== Required work ==
All lines from the one containing "Am 22. April" through the end of the material are to be given back exactly, without pictures.

[Data shown]

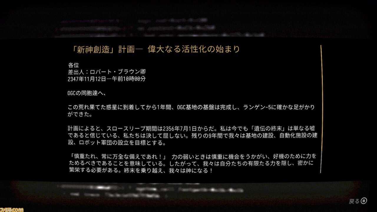 자세한 내용은 덮을 수 있지만 문헌에서 말하는 스토리의 배경은 면밀하게 반죽된 SF의 세계관이 되어 있어 매우 읽을 수 있는 내용이 되고 있다. 게임 내에서 자주 등장하는 "창신"이라는 워드의 세부 사항 등 SF를 좋아하게는 견딜 수없는 설정이 풍부합니다. 꼭 모든 문헌을 모아서 스토리를 읽어 봐 주었으면 한다.
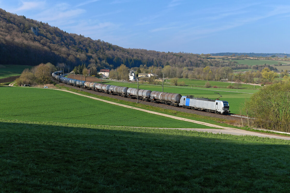 Am 22. April 2022 zeigten sich erste zarte Spuren des Frühlings im Altmühltal. Bei Breitenfurt legte sich die für Ecco Rail fahrende 193 827 mit einem Kesselwagenzug nach Ingolstadt in die Kurve. Christoph Schneider
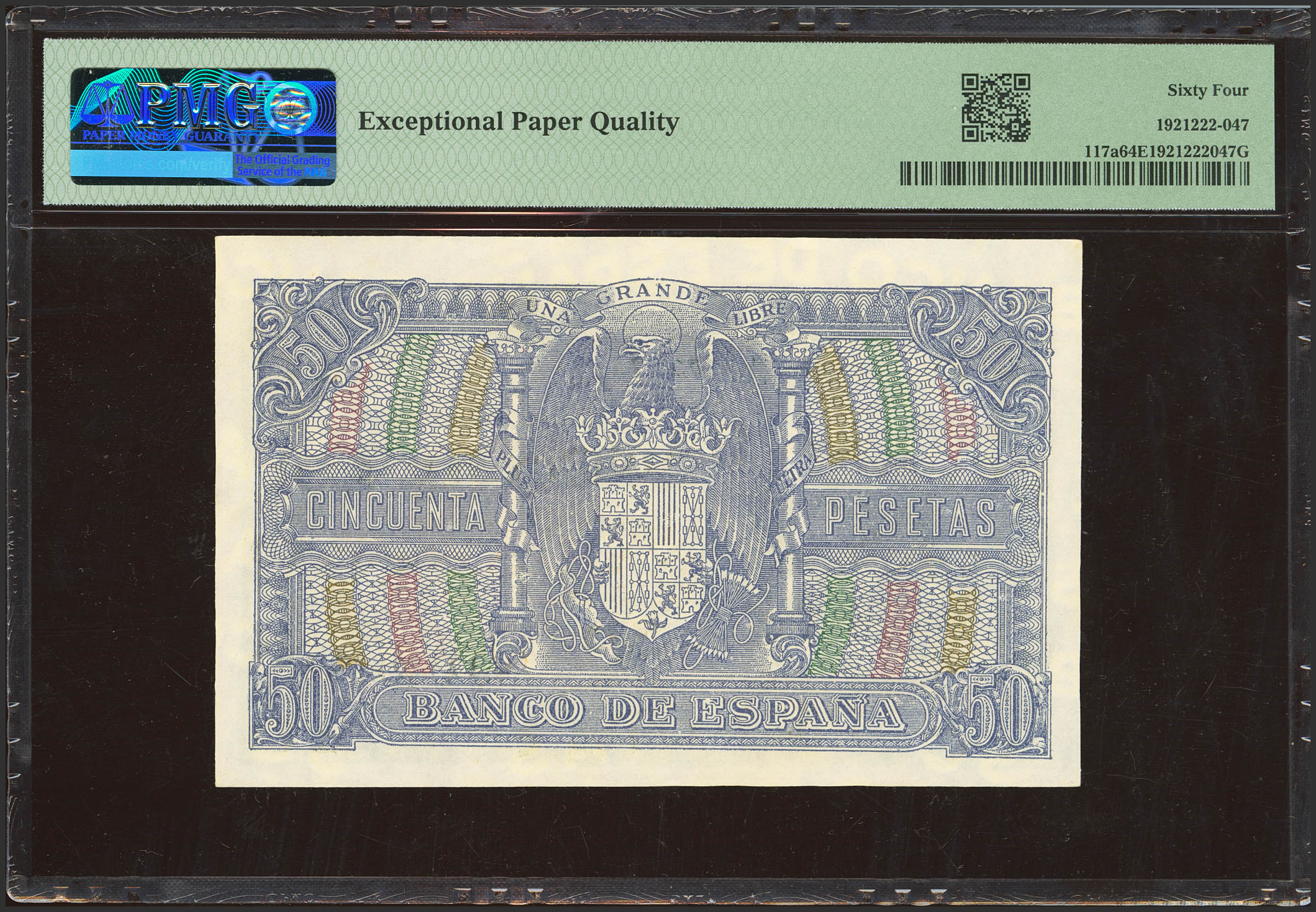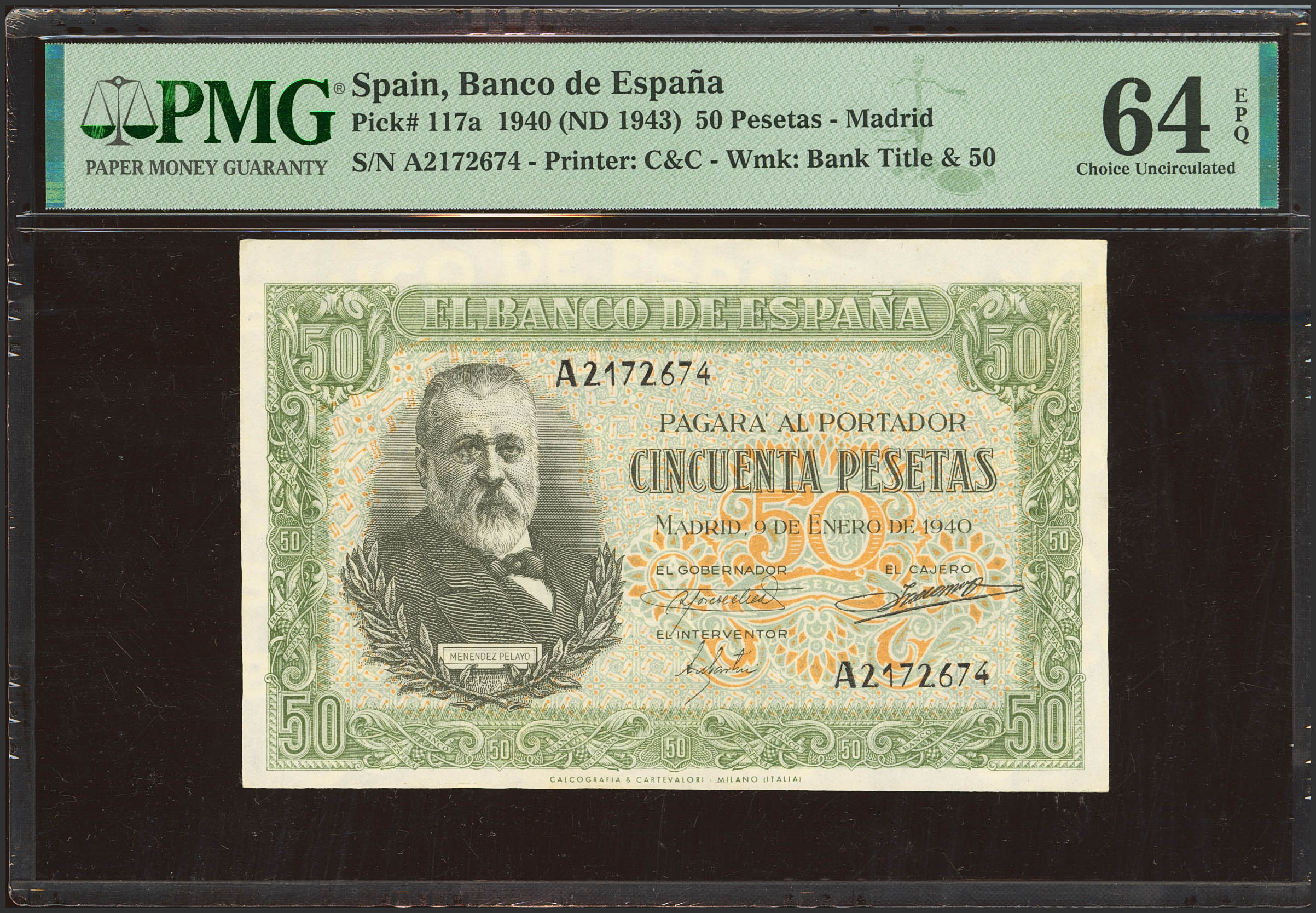 50 Pesetas. 9 de Enero de 1940. Serie A. (Edifil 2023: 437, Pick: 117a). Raro en esta calidad, apresto original. SC. Encapsulado PMG64EPQ.

[/Data shown]

== Task output ==
 Am 22. April 2022 zeigten sich erste zarte Spuren des Frühlings im Altmühltal. Bei Breitenfurt legte sich die für Ecco Rail fahrende 193 827 mit einem Kesselwagenzug nach Ingolstadt in die Kurve. Christoph Schneider
 50 Pesetas. 9 de Enero de 1940. Serie A. (Edifil 2023: 437, Pick: 117a). Raro en esta calidad, apresto original. SC. Encapsulado PMG64EPQ.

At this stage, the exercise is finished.